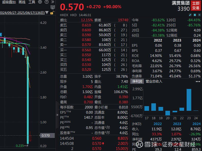 4月17日午后,港股满贯集团股价迅速拉升,一度涨超100%。截至14:45,涨幅回落至90%,报0.57港元/股,换手率38.78%。值得注意的是,该股昨日股价暴跌逾90%,并于盘中停牌。
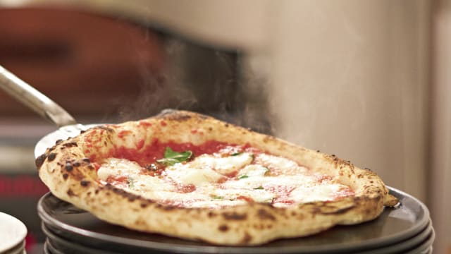 Pizza fritta passata in forno, pomodoro, fior di latte, basilico e parmigiano
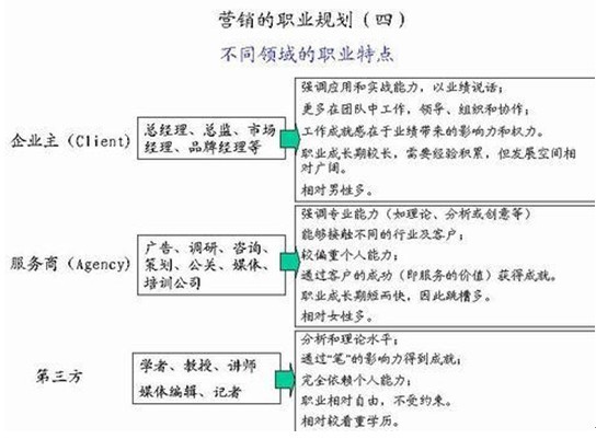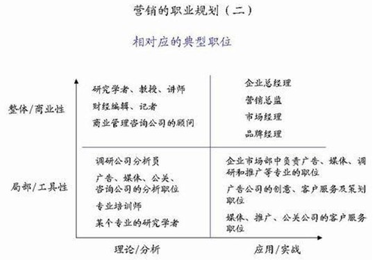 可见,在企业中的“品牌经理”、“市场经理”等职位更多偏重在营销应用及整体把握上(其中职位越高整体性越强,比如说品牌经理是针对某一个品牌/产品,而市场经理是对业务的营销规划等,到总经理是对全面经营管理进行负责);而广告/公关等服务公司虽也是针对应用来工作,但主要在某一种工具和方法;调研公司等提供数据支持和分析,以及咨询公司提供全面的商业分析,也很容易理解。
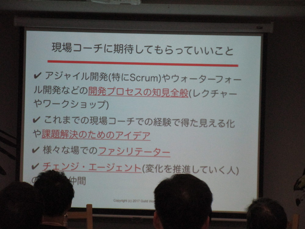 事業会社を中心に定期的に3~4社のコーチをしている中村から、現場コーチが現場支援をする際にどのようなことを考え、どのようなことをしているのかをお話ししました。
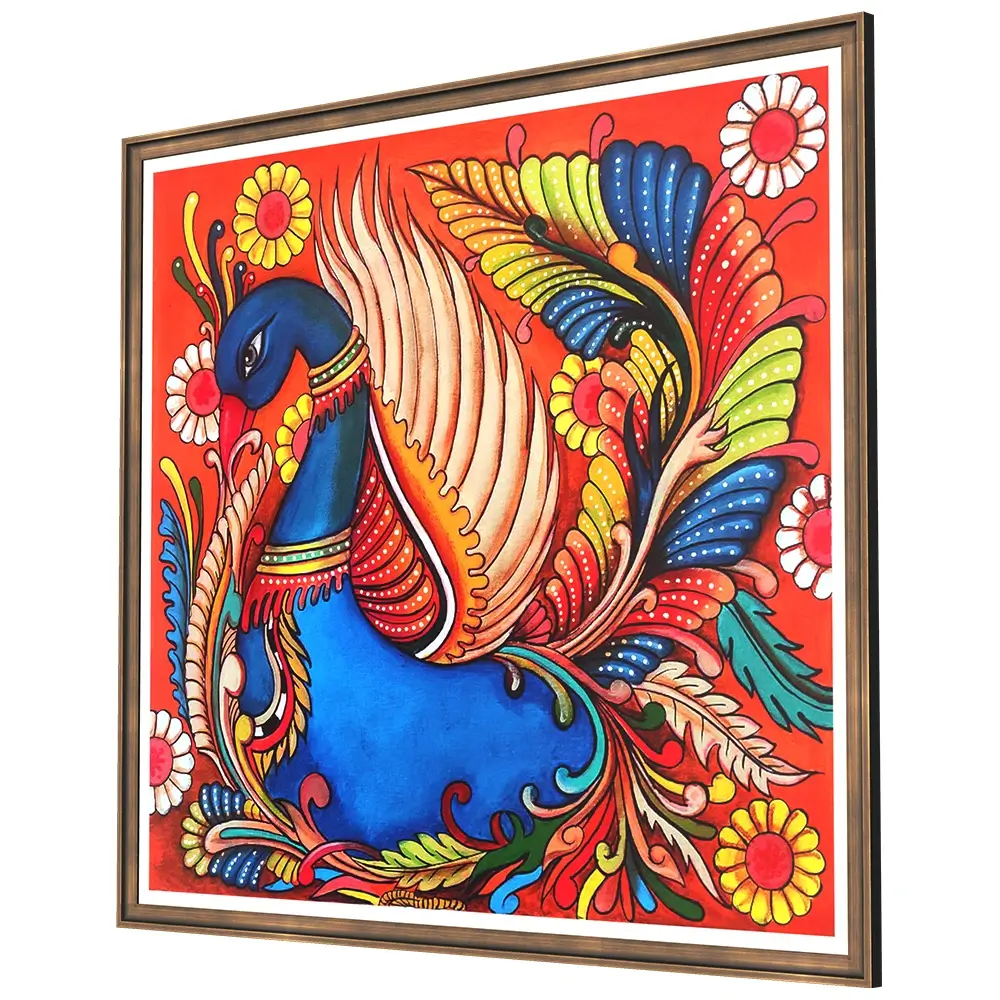 This Peacock Kerala mural painting captures the timeless charm of one of nature’s most celebrated birds through a distinctly traditional artistic language. Rendered in classic Kerala mural style, the composition blends symbolism, ornamentation, and rhythmic movement into a visually uplifting artwork.

- HOW TO COMPLETE THIS TASK -
Exactly as they appear, please return only the lines from the first line of the records through the line containing "事業会社を中心に定期的に3~", both included, leaving out all pictures.

- EXERCISE ANSWER -
 4月17日午后,港股满贯集团股价迅速拉升,一度涨超100%。截至14:45,涨幅回落至90%,报0.57港元/股,换手率38.78%。值得注意的是,该股昨日股价暴跌逾90%,并于盘中停牌。
 Pizza fritta passata in forno, pomodoro, fior di latte, basilico e parmigiano
 可见,在企业中的“品牌经理”、“市场经理”等职位更多偏重在营销应用及整体把握上(其中职位越高整体性越强,比如说品牌经理是针对某一个品牌/产品,而市场经理是对业务的营销规划等,到总经理是对全面经营管理进行负责);而广告/公关等服务公司虽也是针对应用来工作,但主要在某一种工具和方法;调研公司等提供数据支持和分析,以及咨询公司提供全面的商业分析,也很容易理解。
 事業会社を中心に定期的に3~4社のコーチをしている中村から、現場コーチが現場支援をする際にどのようなことを考え、どのようなことをしているのかをお話ししました。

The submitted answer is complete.